A can for the preparation of sparkling water has a volume of 5 cm ^ 2 and contains carbon dioxide under
A can for the preparation of sparkling water has a volume of 5 cm ^ 2 and contains carbon dioxide under a pressure of 1.6 MPa at a temperature of 30C. What is the mass of the gas in the can?
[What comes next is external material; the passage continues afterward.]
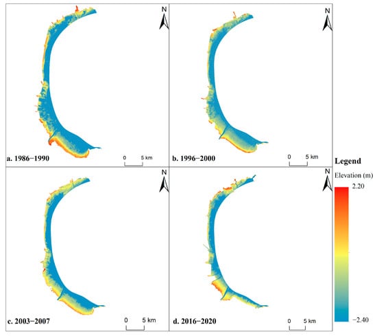 Digital elevation models for four time periods in Haizhou Bay: (a–d) show the topography constructed from 1986 to 1990, 1996 to 2000, 2003 to 2007 and 2016 to 2020, respectively.

To find the value of the mass of the carbon dioxide used in the cartridge, we use the Mendeleev-Clapeyron equation: P * V = m * R * T / MCO2, from where we express: m = P * V * MCO2 / (R * T).
Constants and variables: P – pressure of the used carbon dioxide (P = 1.6 MPa = 1.6 * 10 ^ 6 Pa); V is the volume of the can (V = 5 cm3 = 5 * 10 ^ -6 m3); MСO2 – molar mass (MСO2 = 0.044 kg / mol); R – universal gas constant (R = 8.31 J / (K * mol)); T – abs. gas temperature (Т = 303 К = 30 ºС).
Calculation: m = P * V * MSO2 / (R * T) = 1.6 * 10 ^ 6 * 5 * 10 ^ -6 * 0.044 / (8.31 * 303) = 1.4 * 10 ^ -4 kg = 0.14 g.
Answer: The can contains 0.14 g of carbon dioxide.